Direct answers. If you have a tenth, the form at the bottom goes straight to the mentor.

Q.01Isn't this just letting AI do the work for them?+

No, and this is the most important thing we'll tell you. Kids who hand AI a one-line prompt get a generic, broken result — and learn nothing. The program is entirely structured around the opposite skill: noticing what's wrong, describing exactly how it should be different, and iterating until the thing matches the picture in their head.

We call this taste and judgment, and it turns out to be the hardest thing to teach — and the most durable, because it's orthogonal to which tool they'll use in five years.

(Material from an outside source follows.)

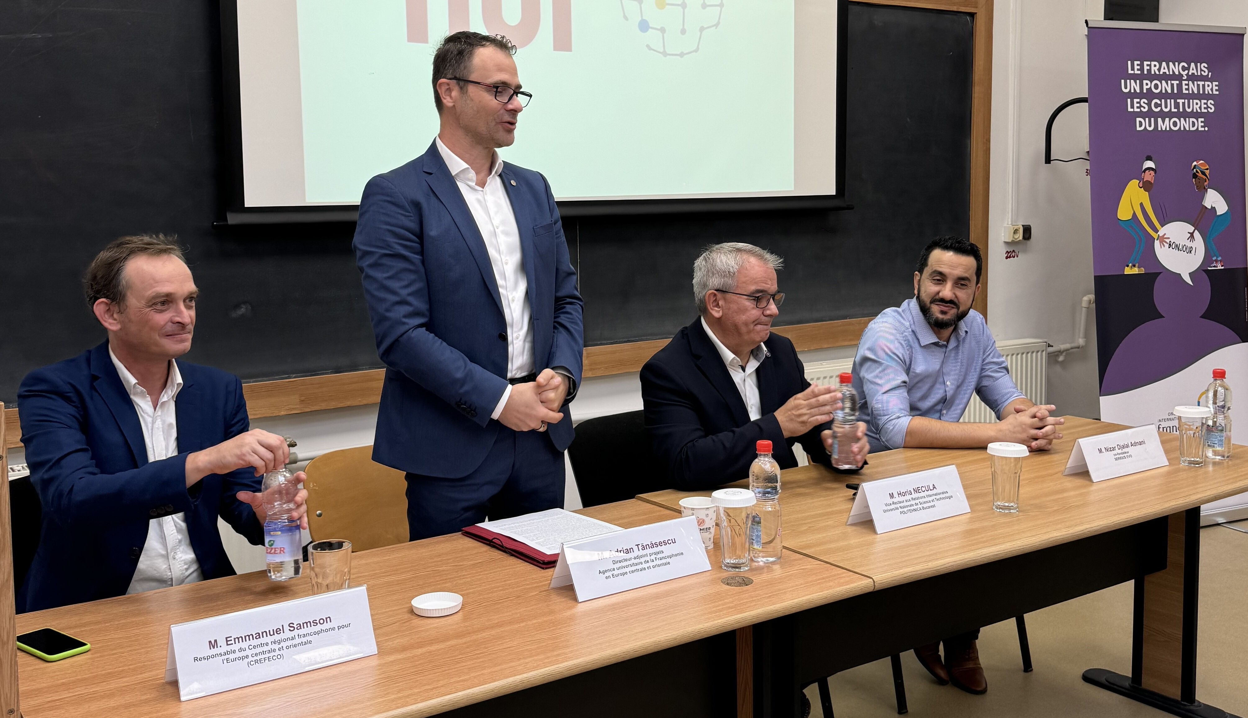 M. Emmanuel SAMSON (Responsable du CREFECO), M. Adrian Tanasescu (Directeur-adjoint du Bureau de l’AUF en Europe centrale et orientale), M. Horia NECULA (Vice-Recteur de l’UNSTP Bucarest), M. Nizar Djalal Adnani (Co-fondateur de Serious Evo International)

Q.02Will my kid actually learn anything durable?+

Three things, specifically: (1) how to describe what they want in enough detail to be built — a writing skill, essentially. (2) how to drive real tools — the same kind adult builders use. (3) how to tell when something is wrong, and what "wrong" means to them.

Those three skills transfer directly to every future tool, every future AI model, every creative or professional context. The specific framework they use during the workshop will be obsolete in two years. The skills won't.

Q.03Is 8–12 too young?+

It's the exact right window. Old enough to have strong opinions about what's fun, young enough to not be afraid of making something bad first. We've had eight-year-olds ship games that play cleanly and twelve-year-olds ship short novels with working hyperlinked footnotes. The kids self-select on ambition, not age.

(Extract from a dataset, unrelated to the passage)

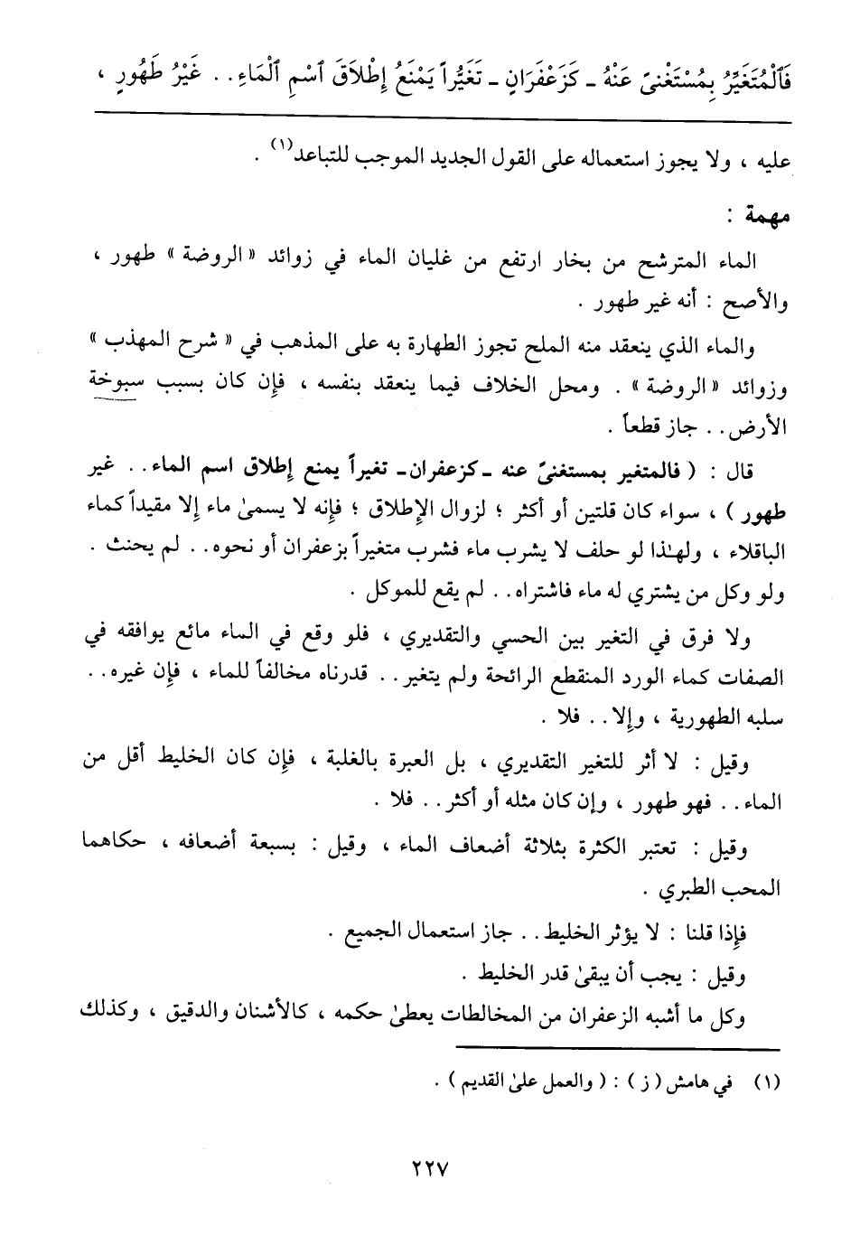 قال: (فالمتغير بمستغنى عنه – كزعفران – تغيراً يمنع إطلاق اسم الماء .. غير طهور)، سواء كان قلتين أو أكثر؛ لزوال الإطلاق؛ فإنه لا يسمى ماء إلا مقيداً كماء الباقلاء، ولهذا لو حلف لا يشرب ماء فشرب متغيراً بزعفران أو نحوه .. لم يحنث. ولو وكل من يشتري له ماء فاشتراه .. لم يقع للموكل.

Q.04How is this different from Scratch, Code.org, or Outschool?+

Scratch and Code.org teach a platform — you learn their blocks, you build inside their sandbox. They're excellent; many of our kids come from them. Outschool is a marketplace of one-off classes.

Tell and Show is a small, mentor-led studio with one explicit goal: in four weeks, your kid ships a real, non-sandboxed thing to a real URL, using the same kinds of tools adult builders use. It's more demanding and more personal. Eight kids, one mentor, every week.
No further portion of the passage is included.